▶ **Task description**:
Go to the line containing "Mother's Day Card" in the records below and print it and every following line exactly, on through the line containing "Hot products round", then stop.

▶ **Information given**:
=== Begin Enclosure ===
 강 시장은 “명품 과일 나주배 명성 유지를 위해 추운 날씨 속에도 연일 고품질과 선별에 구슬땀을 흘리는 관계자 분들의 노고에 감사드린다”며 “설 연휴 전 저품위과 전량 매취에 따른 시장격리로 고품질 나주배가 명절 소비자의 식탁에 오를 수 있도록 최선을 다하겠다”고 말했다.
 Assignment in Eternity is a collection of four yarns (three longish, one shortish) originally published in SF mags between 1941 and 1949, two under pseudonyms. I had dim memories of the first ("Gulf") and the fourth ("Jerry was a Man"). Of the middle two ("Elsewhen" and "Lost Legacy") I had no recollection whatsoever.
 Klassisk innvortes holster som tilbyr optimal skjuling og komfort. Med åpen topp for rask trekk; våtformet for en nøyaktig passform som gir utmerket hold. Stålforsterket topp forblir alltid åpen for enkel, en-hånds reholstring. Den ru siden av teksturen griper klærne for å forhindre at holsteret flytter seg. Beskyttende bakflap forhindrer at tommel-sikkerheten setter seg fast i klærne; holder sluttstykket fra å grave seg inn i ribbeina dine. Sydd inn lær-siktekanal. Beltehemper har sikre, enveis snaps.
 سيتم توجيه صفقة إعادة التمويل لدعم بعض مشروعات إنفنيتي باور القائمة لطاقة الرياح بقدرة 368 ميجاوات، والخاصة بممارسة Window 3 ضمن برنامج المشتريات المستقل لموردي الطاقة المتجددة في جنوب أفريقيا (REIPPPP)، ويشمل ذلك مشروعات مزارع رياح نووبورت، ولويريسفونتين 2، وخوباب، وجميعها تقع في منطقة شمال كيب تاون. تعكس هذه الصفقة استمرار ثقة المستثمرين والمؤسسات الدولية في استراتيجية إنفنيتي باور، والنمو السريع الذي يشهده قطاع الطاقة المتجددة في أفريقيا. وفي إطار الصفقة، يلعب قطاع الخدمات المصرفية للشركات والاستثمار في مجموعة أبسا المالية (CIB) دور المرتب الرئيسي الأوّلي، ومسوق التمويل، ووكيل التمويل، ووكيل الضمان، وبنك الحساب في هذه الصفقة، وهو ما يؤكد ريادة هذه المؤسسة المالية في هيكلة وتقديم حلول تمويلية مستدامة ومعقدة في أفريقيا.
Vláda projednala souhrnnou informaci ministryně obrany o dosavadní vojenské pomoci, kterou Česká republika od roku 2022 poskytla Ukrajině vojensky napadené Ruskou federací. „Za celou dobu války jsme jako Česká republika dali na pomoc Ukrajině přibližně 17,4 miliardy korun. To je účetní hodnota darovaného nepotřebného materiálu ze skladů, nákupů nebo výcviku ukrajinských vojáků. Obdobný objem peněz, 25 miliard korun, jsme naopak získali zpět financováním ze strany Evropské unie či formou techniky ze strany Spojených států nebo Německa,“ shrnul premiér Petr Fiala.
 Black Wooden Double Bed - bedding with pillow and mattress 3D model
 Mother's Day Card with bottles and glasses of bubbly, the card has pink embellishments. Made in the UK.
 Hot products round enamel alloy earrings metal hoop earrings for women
=== End Enclosure ===
=== Begin Enclosure ===
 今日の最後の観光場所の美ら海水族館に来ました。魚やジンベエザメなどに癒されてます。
=== End Enclosure ===
▶ **Output of the task**:
 Mother's Day Card with bottles and glasses of bubbly, the card has pink embellishments. Made in the UK.
 Hot products round enamel alloy earrings metal hoop earrings for women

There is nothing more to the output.